ENTRIES SHOWN =>
>>>>
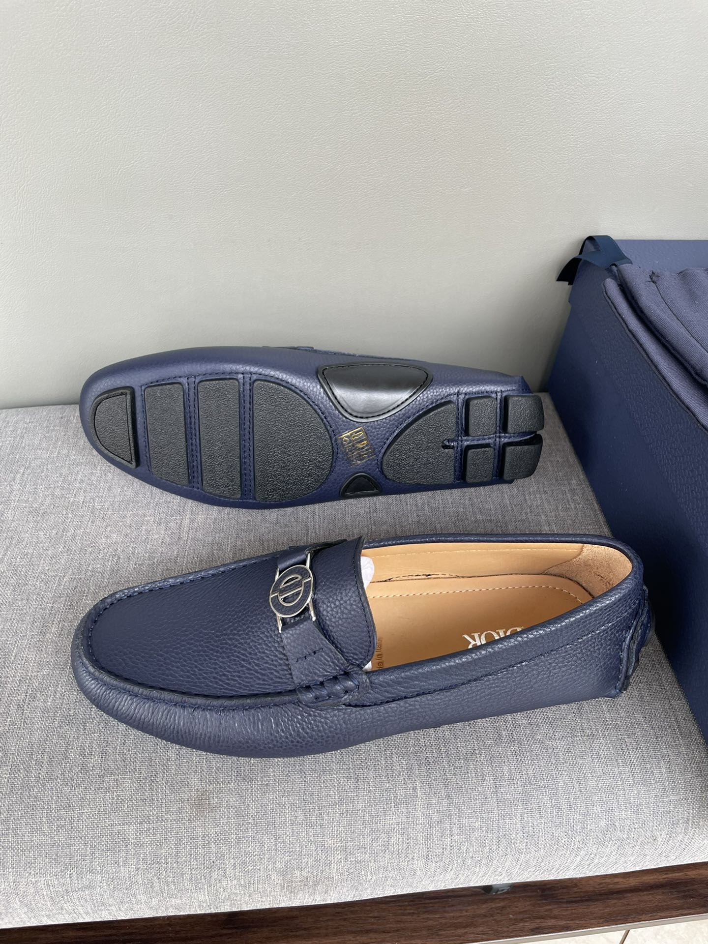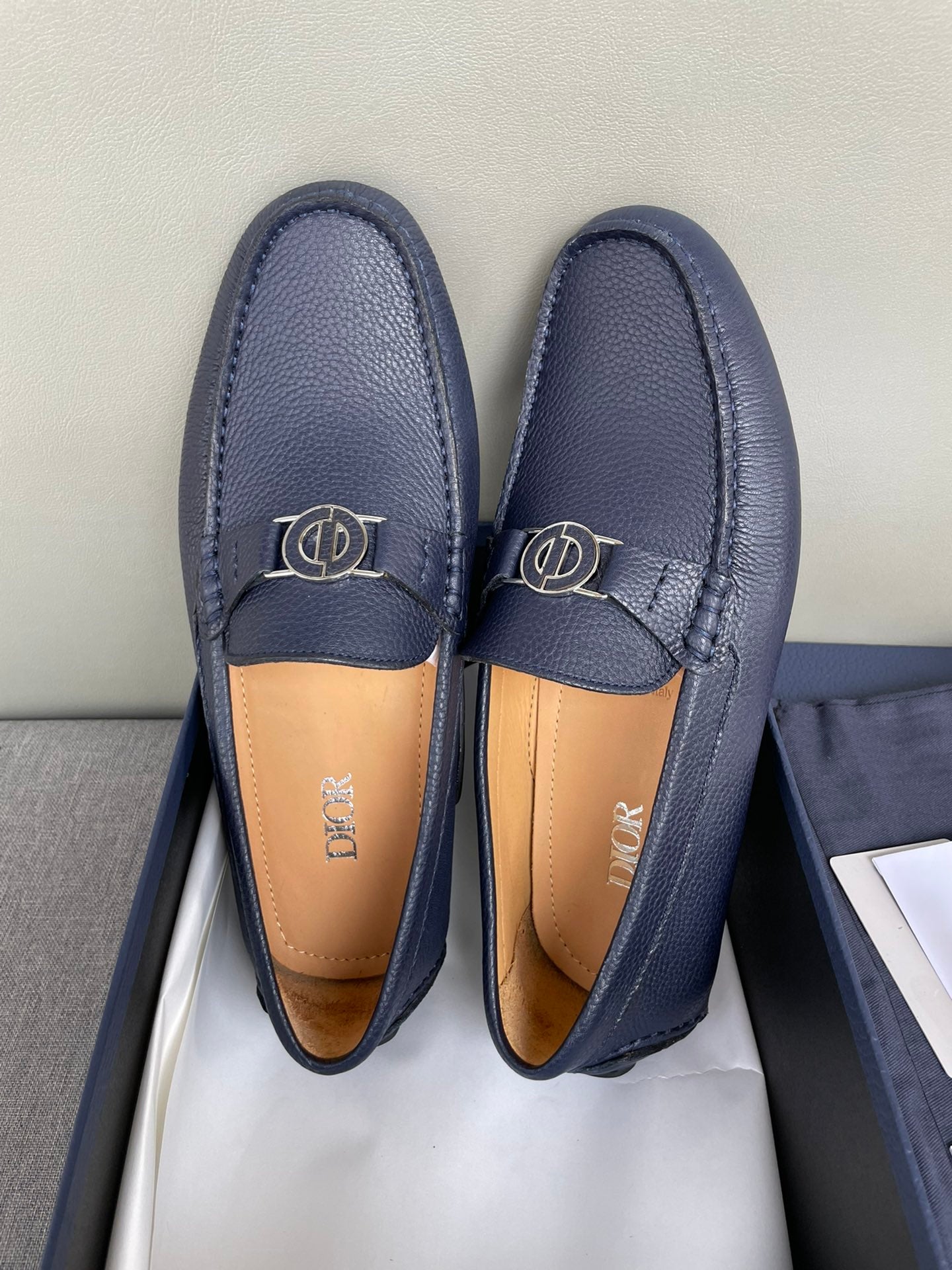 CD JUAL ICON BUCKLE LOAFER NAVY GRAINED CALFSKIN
<<<<
>>>>
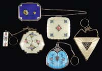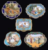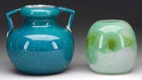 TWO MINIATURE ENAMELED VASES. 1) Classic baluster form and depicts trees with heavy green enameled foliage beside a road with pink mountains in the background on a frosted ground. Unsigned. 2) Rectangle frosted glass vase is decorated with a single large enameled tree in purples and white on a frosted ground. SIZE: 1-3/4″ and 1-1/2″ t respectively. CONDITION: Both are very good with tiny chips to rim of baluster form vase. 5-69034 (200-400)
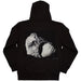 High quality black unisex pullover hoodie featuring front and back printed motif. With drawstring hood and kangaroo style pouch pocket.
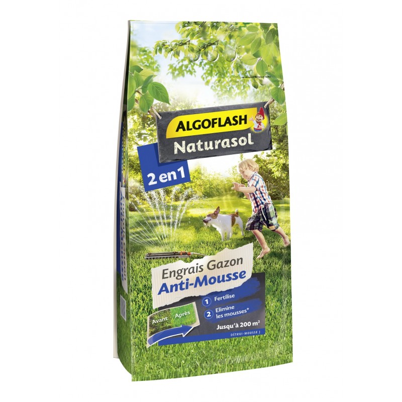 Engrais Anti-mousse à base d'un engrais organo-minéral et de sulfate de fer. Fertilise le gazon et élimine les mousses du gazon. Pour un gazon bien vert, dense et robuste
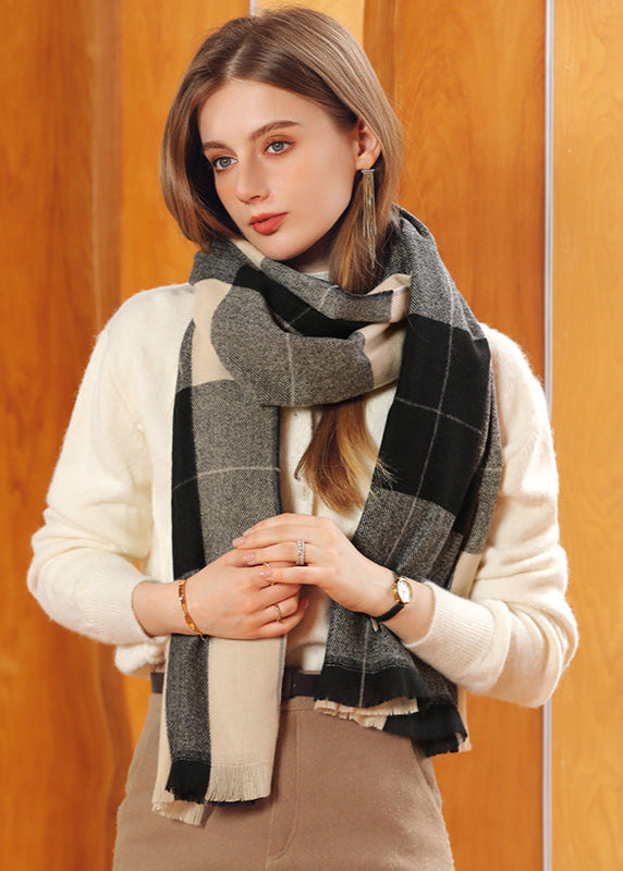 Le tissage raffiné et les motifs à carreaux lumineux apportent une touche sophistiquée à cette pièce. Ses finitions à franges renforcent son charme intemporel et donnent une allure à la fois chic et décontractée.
<<<<
>>>>
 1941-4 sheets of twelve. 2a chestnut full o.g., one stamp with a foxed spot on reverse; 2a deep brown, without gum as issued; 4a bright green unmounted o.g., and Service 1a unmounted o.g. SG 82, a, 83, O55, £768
<<<<
TASK TO COMPLETE =>
Starting at the line above that holds "TWO MINIATURE ENAMELED", repeat every line exactly down to and including the line that holds "Le tissage raffiné", then stop. Do not carry over any pictures.

THE ANSWER =>
 TWO MINIATURE ENAMELED VASES. 1) Classic baluster form and depicts trees with heavy green enameled foliage beside a road with pink mountains in the background on a frosted ground. Unsigned. 2) Rectangle frosted glass vase is decorated with a single large enameled tree in purples and white on a frosted ground. SIZE: 1-3/4″ and 1-1/2″ t respectively. CONDITION: Both are very good with tiny chips to rim of baluster form vase. 5-69034 (200-400)
 High quality black unisex pullover hoodie featuring front and back printed motif. With drawstring hood and kangaroo style pouch pocket.
 Engrais Anti-mousse à base d'un engrais organo-minéral et de sulfate de fer. Fertilise le gazon et élimine les mousses du gazon. Pour un gazon bien vert, dense et robuste
 Le tissage raffiné et les motifs à carreaux lumineux apportent une touche sophistiquée à cette pièce. Ses finitions à franges renforcent son charme intemporel et donnent une allure à la fois chic et décontractée.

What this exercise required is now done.